GLAM2 Alphabets

Alphabet files

Alphabet files allow glam2 and glam2scan to operate on sequences over arbitrary, user-defined alphabets. They also allow residue abundances to be specified. Their format is inspired by that of vmatch. For examples, see robinson.alph and dna.alph in the GLAM2 examples directory.

Note: as soon as you specify an alphabet file, the glam2 programs lose all knowledge about residues' tendencies to align with each other. So, if you use an alphabet file to specify amino-acid or nucleotide abundances, you probably want to specify a Dirichlet mixture file too: recode3.20comp or glam_tfbs.1comp.

In alphabet files, the # character introduces a comment: everything from it to the end of the line is ignored. Otherwise, each non-blank line defines a symbol of the alphabet. The first non-whitespace character on the line is the main character representing the symbol: this is how the symbol is printed. Any characters that follow it without any whitespace are aliases (when reading input). This is optionally followed by whitespace and then a number, indicating the abundance of the symbol. The abundances can be counts, fractions, or percentages: they will be normalized so that they sum to 1. Unspecified abundances default to 1. The final symbol is the wildcard: it is forbidden from appearing in aligned columns, and all characters not defined in the alphabet file are aliases of it. No abundance is defined for the wildcard (any number will be ignored).
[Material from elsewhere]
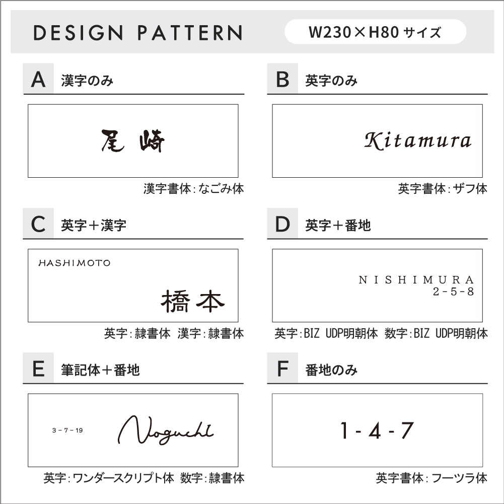 表札の表記内容をご入力下さい。英字のみ漢字のみも可能です。英字は大文字・小文字がそのまま反映されます。

The order of the symbols matters when reading Dirichlet mixture files or looking at reverse strands.

Built-in alphabets

The p (protein) alphabet is equivalent to using robinson.alph (and recode3.20comp) in the GLAM2 examples directory. The n (nucleotide) alphabet is equivalent to using dna.alph (and glam_tfbs.1comp) in the GLAM2 examples directory.

FASTA format

When reading sequences in FASTA format, the > character begins the title of the next sequence, which continues till the end of the line. In the sequence itself, whitespace is always ignored, and non-whitespace characters are always part of the sequence: if not defined in the alphabet file, they are interpreted as wildcards.

Reverse strands

glam2 and glam2scan provide options to look at both strands of the input sequences. This may only be meaningful for nucleotide sequences, but is actually defined for all alphabets. The reverse strand is obtained by first reversing the sequence, and then swapping each symbol with its opposite in the alphabet's order (apart from wildcards). Thus, for nucleotides, these symbols are swapped: a:t and c:g. For proteins, these symbols are swapped: A:Y, C:W, D:V, E:T, F:S, G:R, H:Q, I:P, K:N, and L:M.